Martinez v 560-568 Audubon Realty LLC |
2021 NY Slip Op 04277 |
Decided on July 08, 2021 |
Appellate Division, First Department |
Published by New York State Law Reporting Bureau pursuant to Judiciary Law § 431. |
This opinion is uncorrected and subject to revision before publication in the Official Reports. |
Decided and Entered: July 08, 2021
Before: Manzanet-Daniels, J.P., Webber, Singh, Kennedy, JJ.
Index No. 156118/16 Appeal No. 14181 Case No. 2020-03565
v
560-568 Audubon Realty LLC et al., Defendants-Respondents.
Manuel D. Gomez, New York, for appellant.

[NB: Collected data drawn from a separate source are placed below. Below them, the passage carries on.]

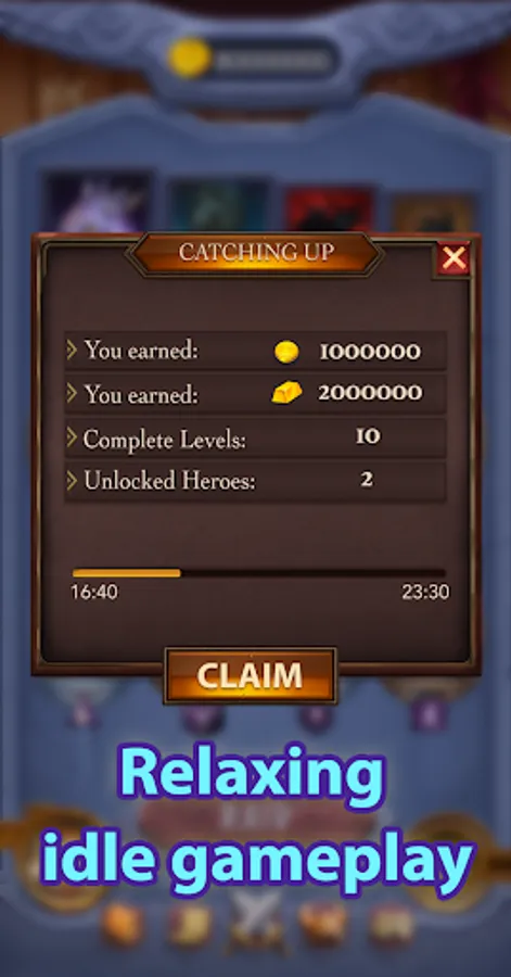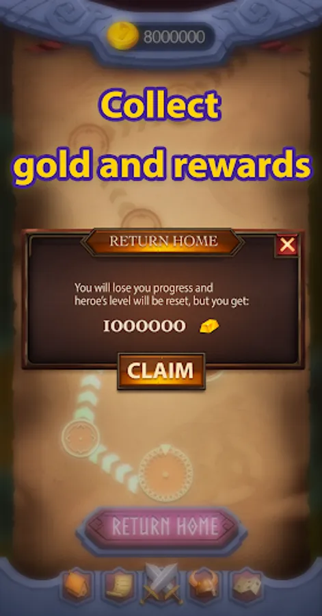 Your party will be generating gold even if you're offline! Just come back from time to time to improve your village and to send your heroes on new adventures.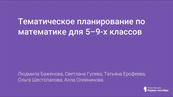 Представлено планирование уроков математики в 5-м классе, алгебры и геометрии – в 9-м классе.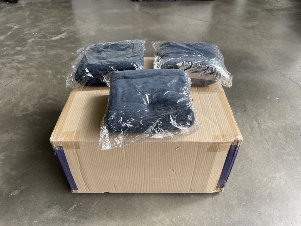 NEW CASE OF 9 OUTDOOR THROW PILLOWS WITH 3 NEW OUTDOOR FLEECE BLANKETS TOTALL RETAIL OVER $250 6 SQAURE PILLOWS 19 X 19 INCH ,16 X 16 AND 3 LUMBAR PILLOWS ARE 22 X 12 INCH, BLANKETS ARE 46 INCH X 60 INCH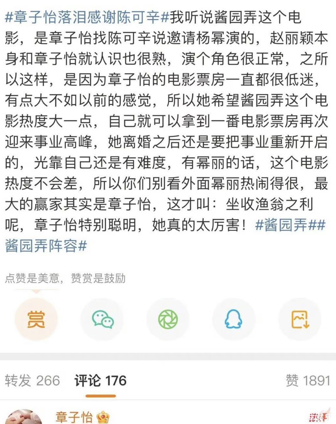 之后便有人在网上发文评价章子怡,说杨幂出演电影是由章子怡牵线,而赵丽颖本身就与章子怡很熟,演个角色很正常,该网友指出,章子怡近两年的电影票房一直很低迷,大不如前,所以她希望《酱园弄》这个电影可以热度大一些,好助她重回事业巅峰,网友说有杨幂跟赵丽颖在,电影就不缺热度,别看外面两家粉丝闹得厉害,可到最后章子怡依旧是大赢家,这就是“坐收渔翁之利” 不料章子怡本人看到了这条微博,然后在评论区怒怼这位网友,直言闭嘴白痴。

Order, Supreme Court, New York County (Margaret A. Chan, J.), entered September 18, 2019, which granted defendants' motion for summary judgment dismissing the complaint and denied plaintiff's cross motion for summary judgment, unanimously modified, on the law, to deny defendants' motion, and otherwise affirmed, without costs.
Defendants established prima facie entitlement to judgment as a matter of law by demonstrating that they neither created nor had actual or constructive notice of the crack at the edge of the marble step where plaintiff fell. Defendants submitted the testimony of plaintiff, the property manager, and the member of the owner that they had never seen the crack before the accident, and the testimony of defendants' member that it would have been repaired if discovered (see e.g. Rosario v Prana Nine Props., 143 AD3d 409, 410 [1st Dept 2016]).
In opposition, plaintiff raised a triable issue of fact. Although the court properly declined to consider the affidavit of the notice witness who was not produced or identified until after defendants' motion for summary judgment was filed (see Matas v Clark & Wilkins Indus., Inc., 61 AD3d 582, 583 [1st Dept 2009], lv denied 13 NY3d 703 [2009]), the affidavit of plaintiff's expert and the photographic evidence were sufficient to raise an issue of fact as to constructive notice. The expert opined that the condition depicted in the photographs violated the Building Code and that the step was worn for several years prior to the accident. Furthermore, the photographs depicted a condition that a jury might find was present for a sufficient time for defendants to have discovered and remedied it (see Kings v City Bay Plaza, Inc., 118 AD3d 476, 476 [1st Dept 2014]).
Plaintiff's cross motion was properly denied because the record revealed issues of fact. THIS CONSTITUTES THE DECISION AND ORDER
OF THE SUPREME COURT, APPELLATE DIVISION, FIRST DEPARTMENT.